THE Committee of Pro-Chancellors of state-owned Universities (COPSUN) has called for the removal of labour and wages matter from the exclusive legislative list of the Nigerian Constitution to allow the state governments to exercise appropriate control over their workers.
The committee gave this position in a communiqué issued at the end of its 52nd quarterly meeting held in Abuja last week and made available to newsmen.
Presided over by its chairman, Mallam Yusuf Ali of the Osun State University, Osogbo, the committee argued that the structure and operation of the country’s federalism about public institutions established and owned separately by the federal and state governments under different legislations have been a major problem of state universities.
The committee stressed that the state governments should be allowed to negotiate wages with their workers because according to it, the rights of trade unions to demand welfare of its members should be based on employer-employee relationship.
Worried by the instability in the academic calendars of the state universities particularly due to incessant strikes by both academic and non-academic staff unions, the committee appealed to the Academic Staff Union of Universities (ASUU) in particular to de-emphasise strikes as the major tool of negotiation with the Federal Government.

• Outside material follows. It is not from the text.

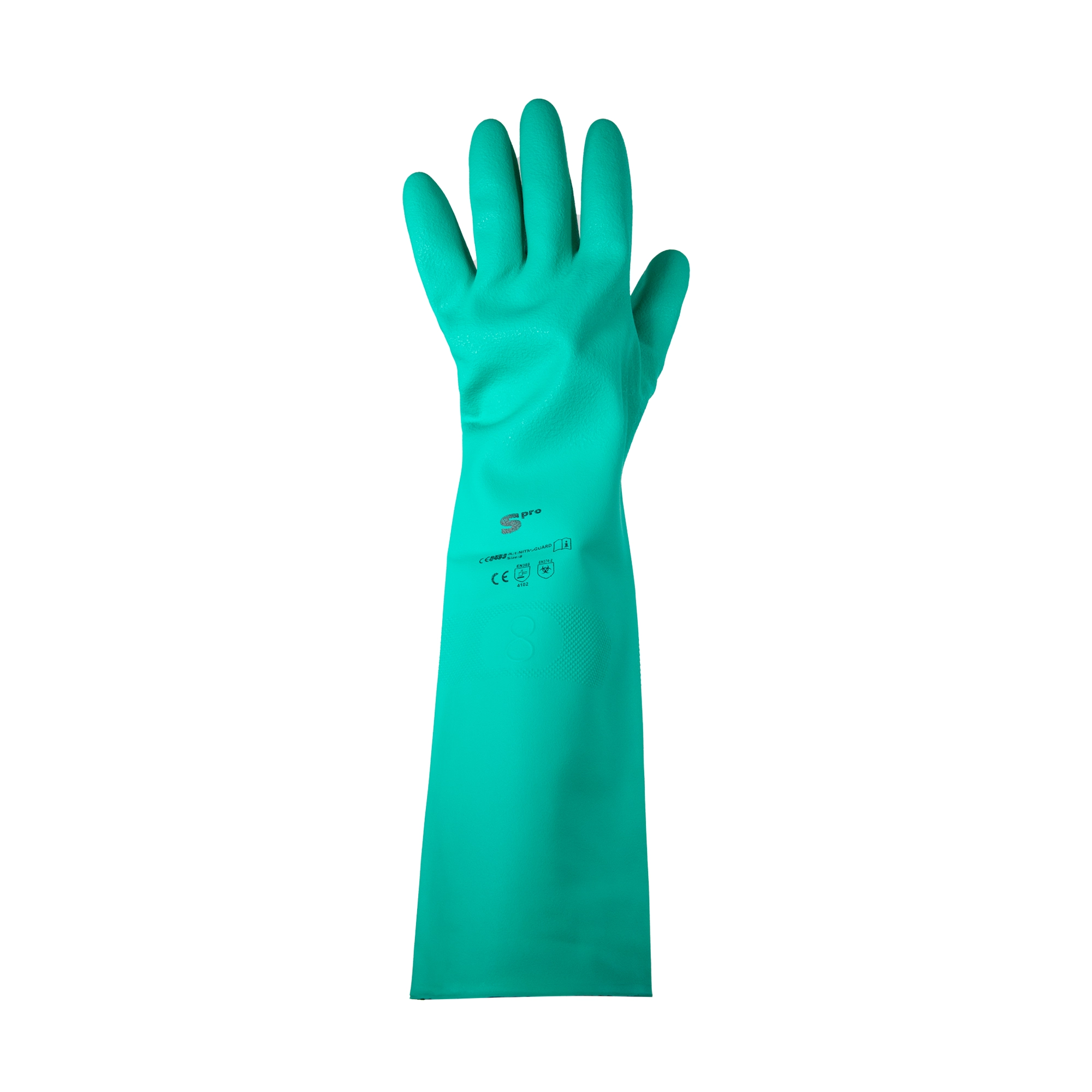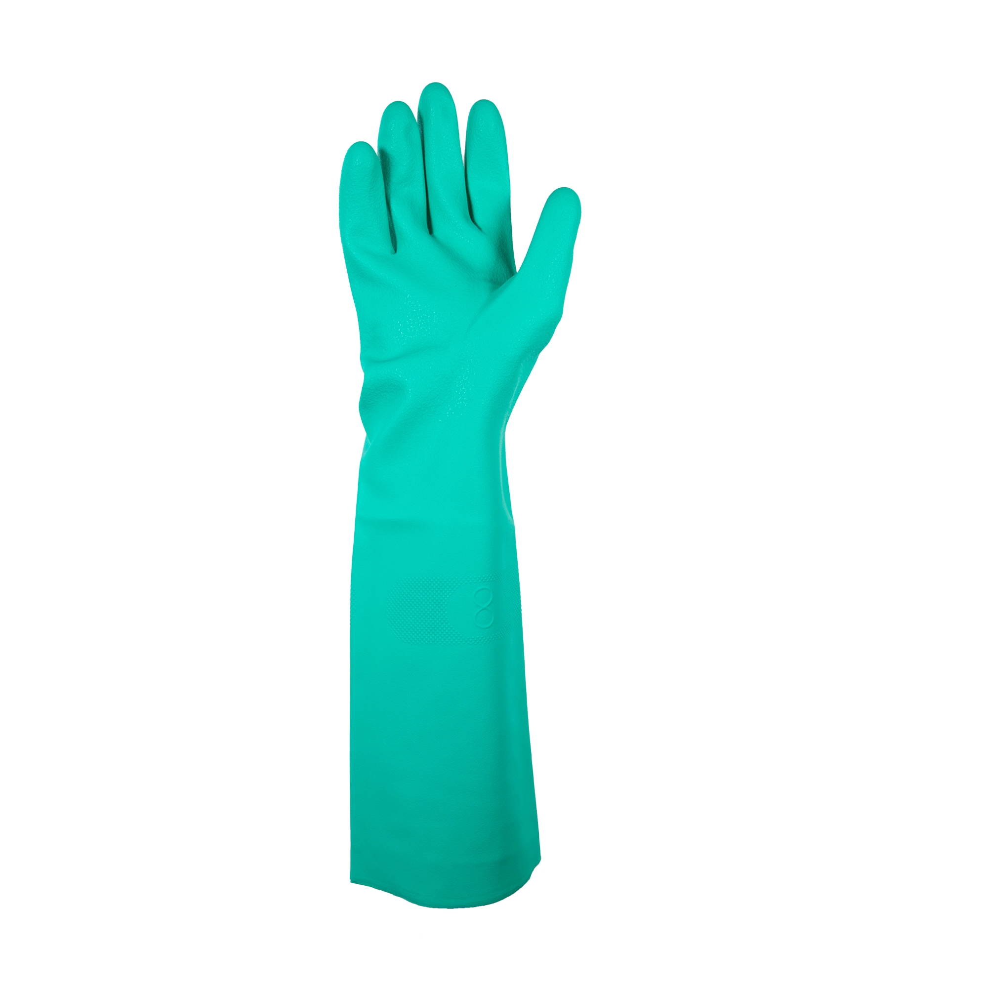 Guante de nitrilo con resistencia óptima a excelente destreza, gracias al ajuste ergonómico especial para manipular productos químicos, en actividades de agroindustrias, mantenimiento, fumigación y construcción.

While observing that the disruption of the academic calendars has adversely affected the quality of the nation’s universities regarding their products and research outputs, the committee said the core values of education have been negatively impacted by the instability in the university system resulting in falling standards.
The committee therefore announced that as its own contribution to the reform of tertiary education in the country, an international conference would be organised before the end of the year to consider the various challenges facing universities and proffer appropriate solutions.